**Task to complete:** With the pictures left aside, write out exactly the lines of the listing below from the line with "CHEM 101L Lab" to the line with "Для формирования красивых", both included, and only those.

------------------------------------

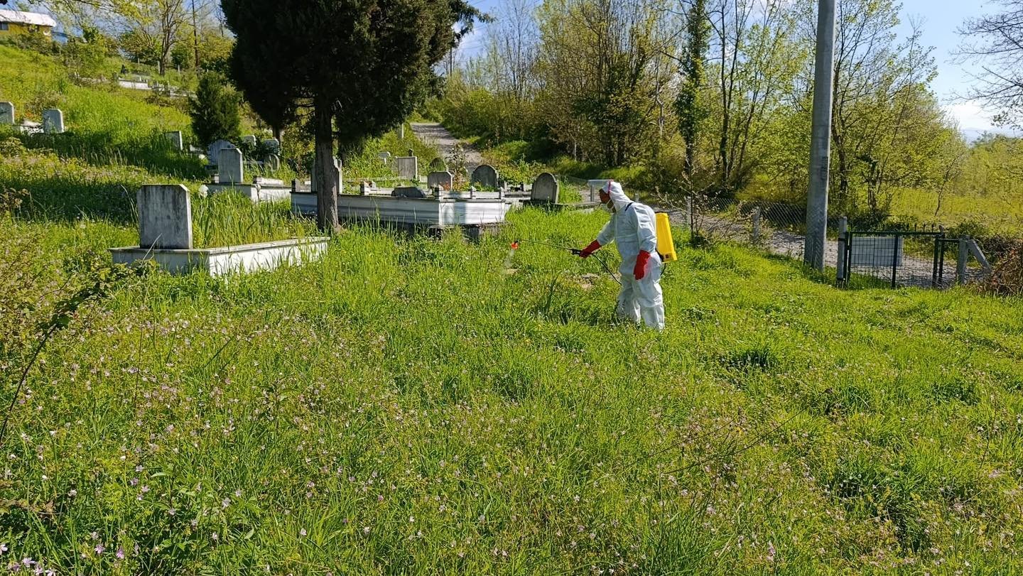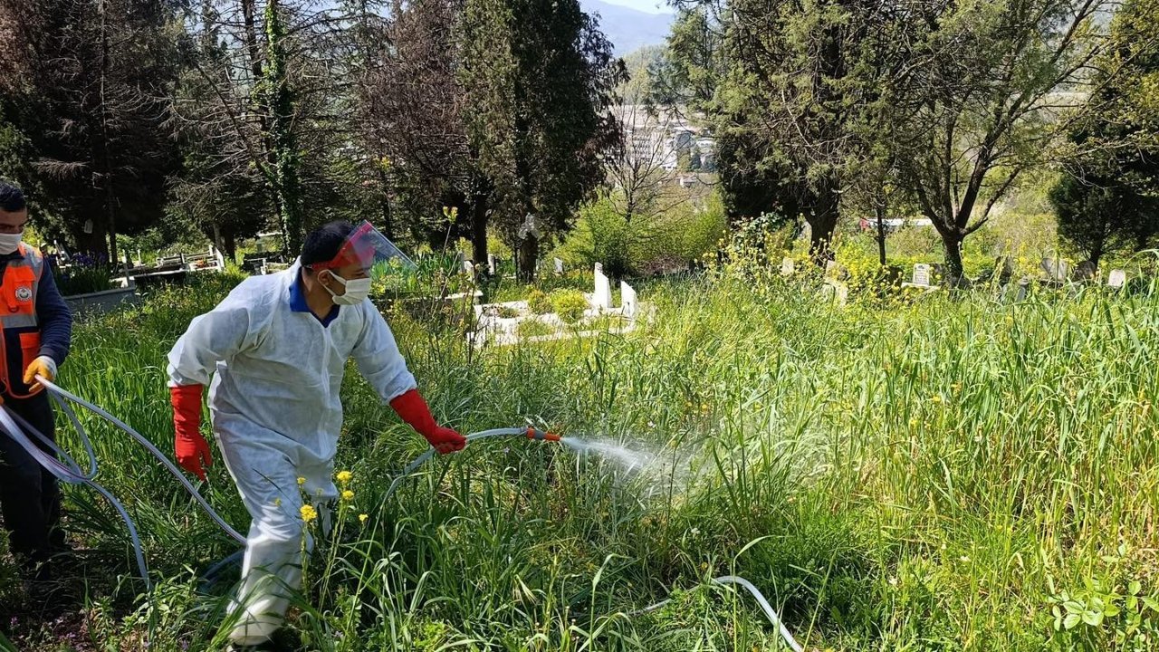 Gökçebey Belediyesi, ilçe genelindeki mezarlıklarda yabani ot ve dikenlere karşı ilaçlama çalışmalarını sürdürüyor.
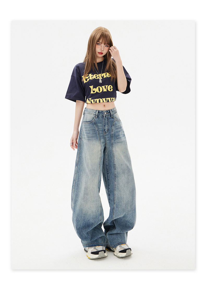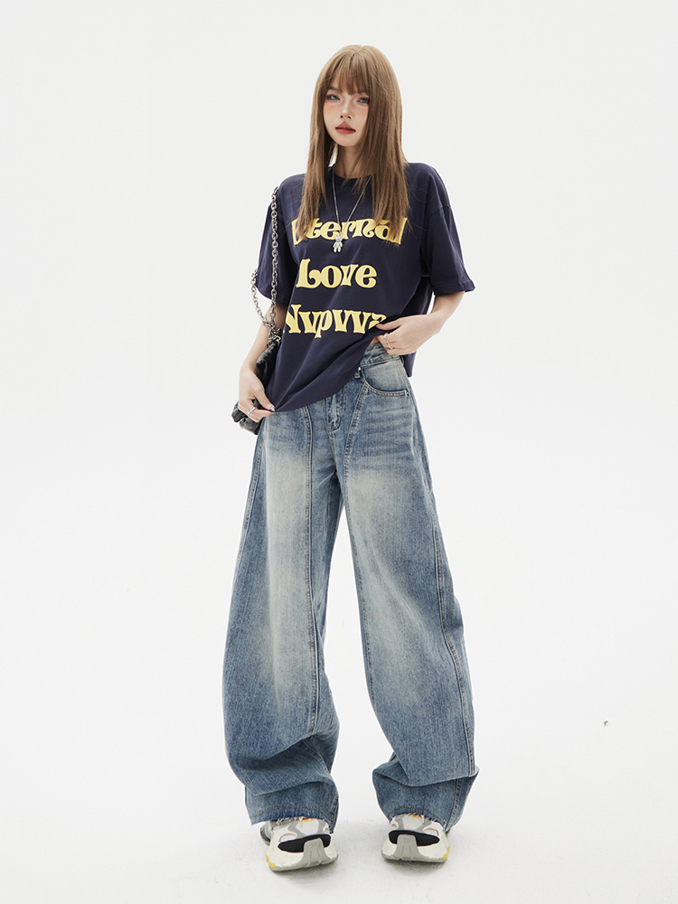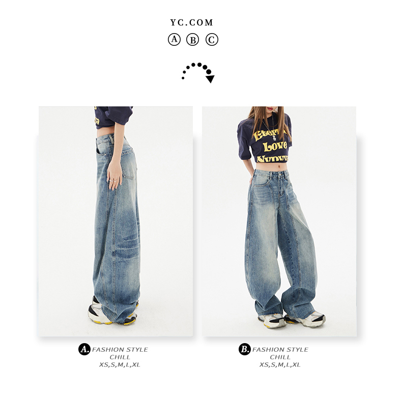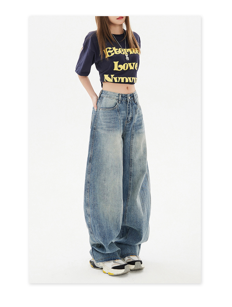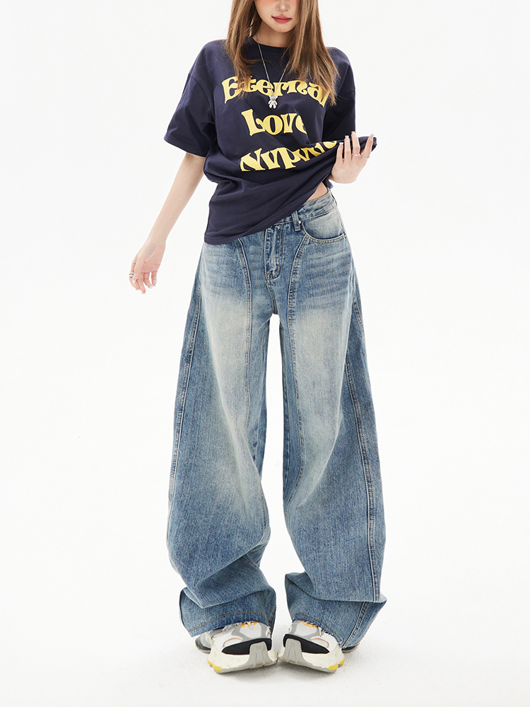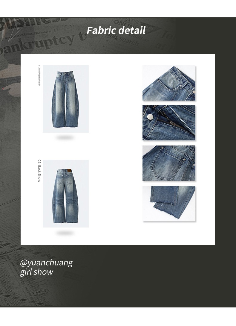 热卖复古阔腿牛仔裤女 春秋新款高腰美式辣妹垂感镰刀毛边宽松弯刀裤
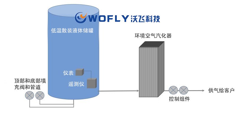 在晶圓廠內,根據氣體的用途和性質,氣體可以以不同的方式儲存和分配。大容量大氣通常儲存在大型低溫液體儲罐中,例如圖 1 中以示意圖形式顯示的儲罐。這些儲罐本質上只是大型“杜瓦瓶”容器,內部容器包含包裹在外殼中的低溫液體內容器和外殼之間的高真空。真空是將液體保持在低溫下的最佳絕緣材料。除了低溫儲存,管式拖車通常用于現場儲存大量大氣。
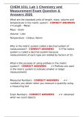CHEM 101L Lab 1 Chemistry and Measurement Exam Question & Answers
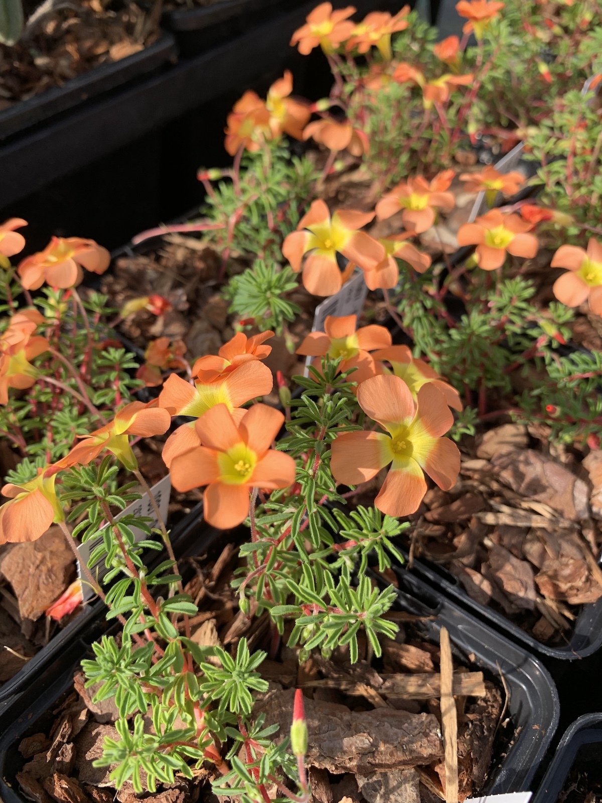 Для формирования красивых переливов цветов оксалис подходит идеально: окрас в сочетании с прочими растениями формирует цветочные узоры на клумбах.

------------------------------------

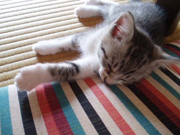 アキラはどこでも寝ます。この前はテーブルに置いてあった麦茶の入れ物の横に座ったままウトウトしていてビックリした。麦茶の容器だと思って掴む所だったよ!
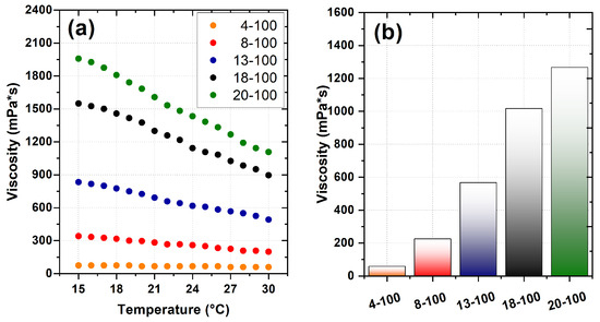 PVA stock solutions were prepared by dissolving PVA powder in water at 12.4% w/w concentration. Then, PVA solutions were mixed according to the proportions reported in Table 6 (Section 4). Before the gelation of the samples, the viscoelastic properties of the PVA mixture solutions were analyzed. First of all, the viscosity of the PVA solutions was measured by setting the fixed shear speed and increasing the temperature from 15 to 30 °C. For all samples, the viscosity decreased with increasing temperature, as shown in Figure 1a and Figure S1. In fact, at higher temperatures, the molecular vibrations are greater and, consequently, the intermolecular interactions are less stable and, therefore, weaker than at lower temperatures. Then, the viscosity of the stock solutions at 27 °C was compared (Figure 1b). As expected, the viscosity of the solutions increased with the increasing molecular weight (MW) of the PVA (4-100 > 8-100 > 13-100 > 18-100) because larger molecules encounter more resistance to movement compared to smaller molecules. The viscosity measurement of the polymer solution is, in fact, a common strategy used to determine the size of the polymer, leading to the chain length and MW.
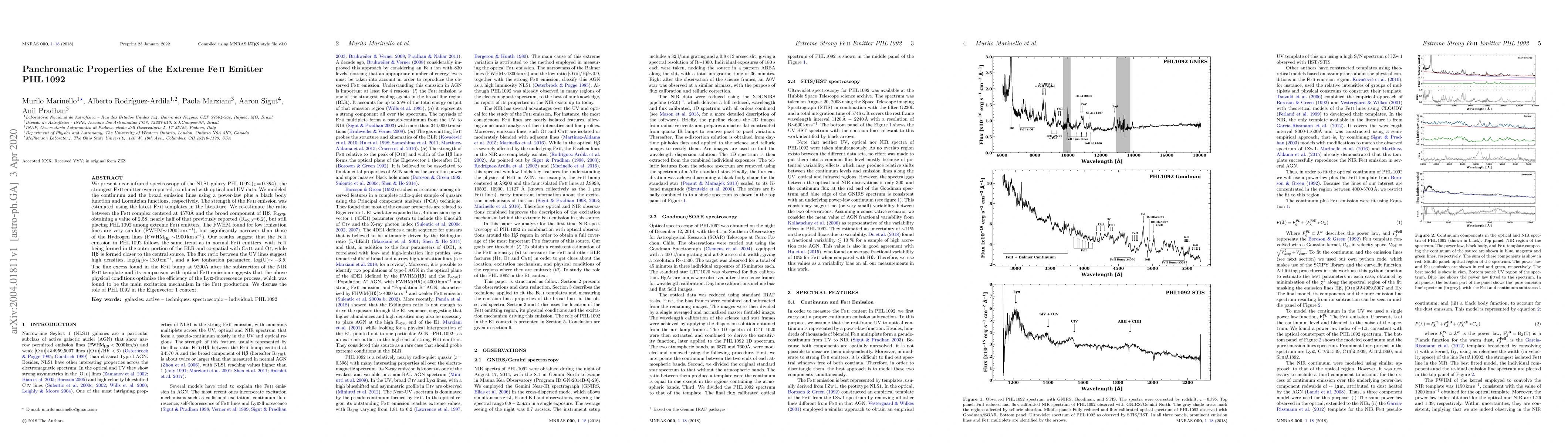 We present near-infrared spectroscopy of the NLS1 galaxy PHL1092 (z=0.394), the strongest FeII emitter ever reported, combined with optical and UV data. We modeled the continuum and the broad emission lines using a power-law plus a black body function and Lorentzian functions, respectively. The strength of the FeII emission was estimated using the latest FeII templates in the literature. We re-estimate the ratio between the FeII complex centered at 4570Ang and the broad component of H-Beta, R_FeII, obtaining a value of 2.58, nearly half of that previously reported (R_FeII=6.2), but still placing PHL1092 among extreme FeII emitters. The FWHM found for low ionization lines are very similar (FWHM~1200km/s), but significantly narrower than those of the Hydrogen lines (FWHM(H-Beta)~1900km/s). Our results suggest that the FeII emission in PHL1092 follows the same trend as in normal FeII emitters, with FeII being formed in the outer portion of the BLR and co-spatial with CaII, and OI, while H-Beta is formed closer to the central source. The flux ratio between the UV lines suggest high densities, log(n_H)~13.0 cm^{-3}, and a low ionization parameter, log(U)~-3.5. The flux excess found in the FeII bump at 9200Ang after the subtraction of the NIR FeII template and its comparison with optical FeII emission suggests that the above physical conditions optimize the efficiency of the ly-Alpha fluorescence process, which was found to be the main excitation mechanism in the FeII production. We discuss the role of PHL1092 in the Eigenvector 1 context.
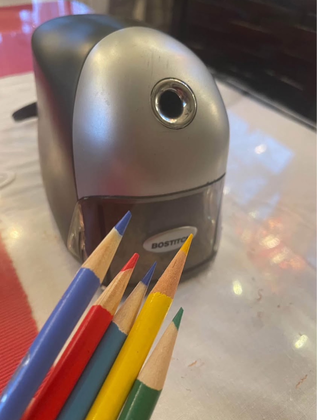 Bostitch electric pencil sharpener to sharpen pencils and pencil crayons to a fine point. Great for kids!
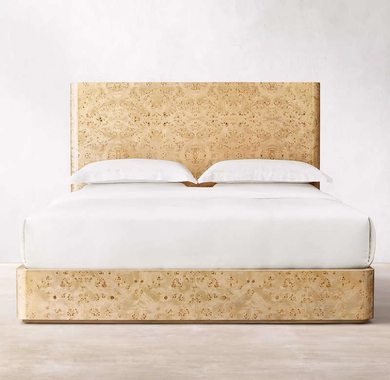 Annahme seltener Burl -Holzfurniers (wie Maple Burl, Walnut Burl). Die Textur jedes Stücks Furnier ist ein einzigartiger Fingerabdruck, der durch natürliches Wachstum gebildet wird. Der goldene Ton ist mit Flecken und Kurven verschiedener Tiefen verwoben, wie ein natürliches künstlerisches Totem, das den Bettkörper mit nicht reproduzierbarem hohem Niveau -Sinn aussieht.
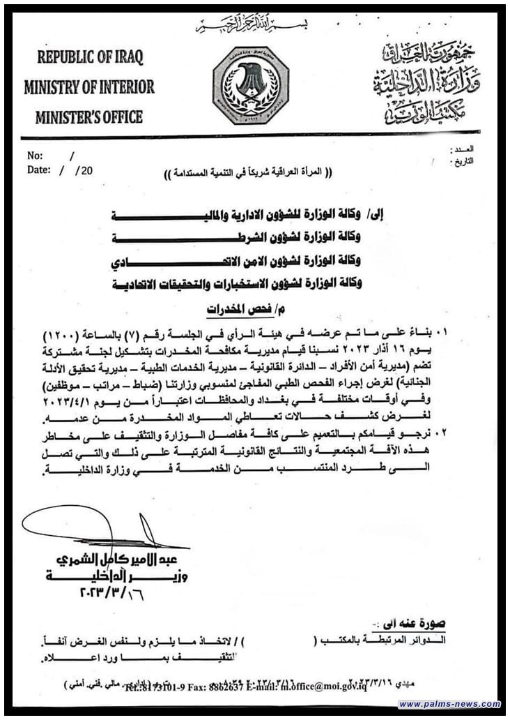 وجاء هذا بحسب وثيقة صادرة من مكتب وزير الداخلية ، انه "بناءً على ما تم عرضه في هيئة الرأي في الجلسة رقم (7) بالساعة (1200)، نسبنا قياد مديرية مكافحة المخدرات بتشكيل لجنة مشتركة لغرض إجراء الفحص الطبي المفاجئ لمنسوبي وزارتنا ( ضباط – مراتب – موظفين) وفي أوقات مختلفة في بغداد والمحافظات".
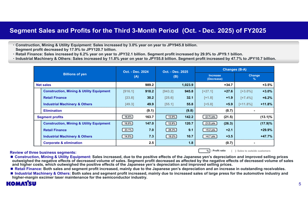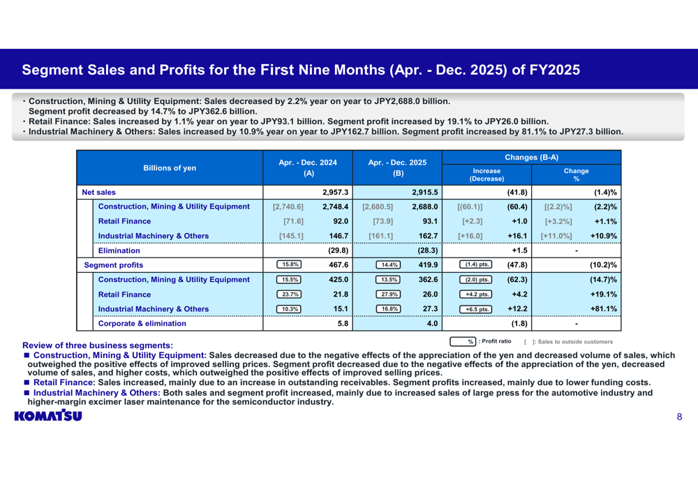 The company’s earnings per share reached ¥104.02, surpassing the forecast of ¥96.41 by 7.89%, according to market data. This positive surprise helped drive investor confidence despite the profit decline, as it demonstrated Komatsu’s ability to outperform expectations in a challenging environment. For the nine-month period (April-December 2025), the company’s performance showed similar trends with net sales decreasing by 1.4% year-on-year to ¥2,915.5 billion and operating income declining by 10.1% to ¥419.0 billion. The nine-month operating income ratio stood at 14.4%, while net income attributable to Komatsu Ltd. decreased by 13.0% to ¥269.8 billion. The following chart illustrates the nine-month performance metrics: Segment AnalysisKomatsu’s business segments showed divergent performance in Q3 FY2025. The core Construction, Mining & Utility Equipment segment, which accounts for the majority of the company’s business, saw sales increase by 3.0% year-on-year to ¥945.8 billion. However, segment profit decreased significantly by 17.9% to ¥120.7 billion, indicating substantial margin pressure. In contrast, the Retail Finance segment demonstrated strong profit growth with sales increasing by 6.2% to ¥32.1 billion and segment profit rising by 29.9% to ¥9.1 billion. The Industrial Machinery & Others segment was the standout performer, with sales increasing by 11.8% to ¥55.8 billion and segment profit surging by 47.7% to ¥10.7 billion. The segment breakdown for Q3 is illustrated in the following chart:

------------------------------------

**Output:**
CHEM 101L Lab 1 Chemistry and Measurement Exam Question & Answers
 Для формирования красивых переливов цветов оксалис подходит идеально: окрас в сочетании с прочими растениями формирует цветочные узоры на клумбах.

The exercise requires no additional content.